It’s not often we bring you hard news here at Inside Tailgating, much less sad news, but I feel compelled to do so today after getting word that Bojangles’ co-founder Richard Thomas, 82, has died.
Not only is Bojangles’ a tailgating staple – let’s be honest, they make it so easy for folks who just don’t have the time or inclination to go all out but still want to have a good time before a game. But I knew Richard Thomas personally. He was my next-door neighbor in Charlotte for four years and such a nice man. We lived next to him in the early 1980s when Bojangles’ was just beginning to take off. Most of us still went to Hardee’s for biscuits and Kentucky Fried Chicken for chicken. That started to change when he literally showed up at our front door with a plate of biscuits.

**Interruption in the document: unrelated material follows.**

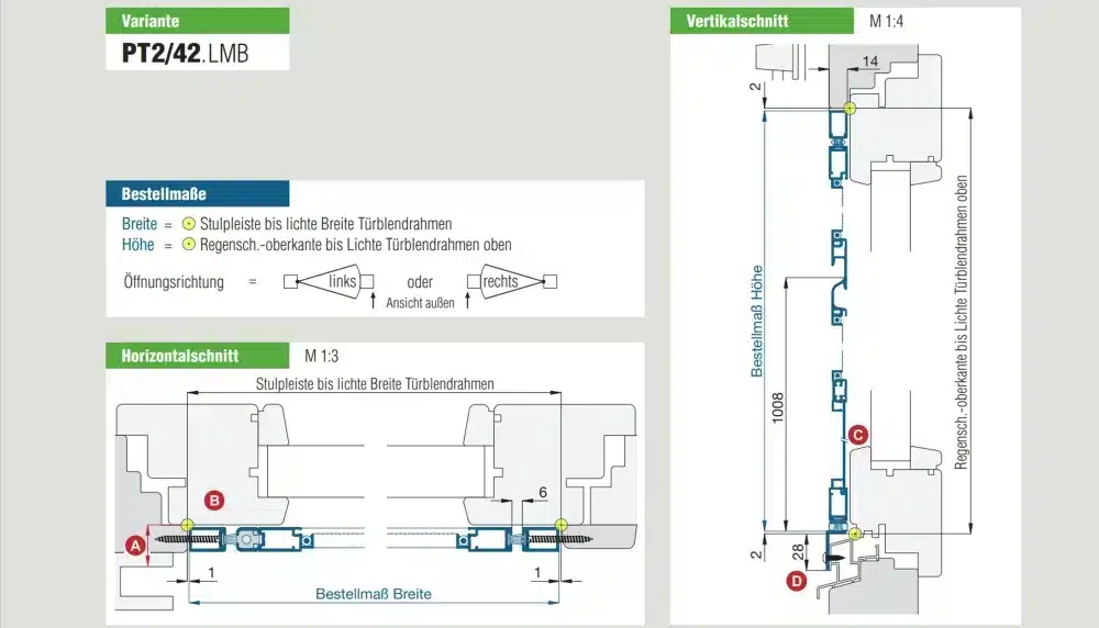 PT2/42.LMB – Montagerahmen mit Winkelprofil für flächenversetzte Stulp Türen

The neighborhood scuttlebutt was that Thomas sold his share of the company and made quite a pretty penny. But what I learned first hand after moving to Atlanta years later was that he did much more that sit back and live off his millions. Thomas opened a restaurant called “R. David Thomas” in Buckhead that served healthy food, long before “organic” was a part of the every day vernacular. I ate there multiple times and when Mr. Thomas was there, he always greeted me warmly. The man had a gift for engaging with people. It was more than creating delicious food. After reading about him today, I appreciate all the more his enthusiasm and concern for the health of his customers. We at Inside Tailgating offer our condolences to his friends and family, particular his son Jimmy who was a classmate of some of us here at the magazine.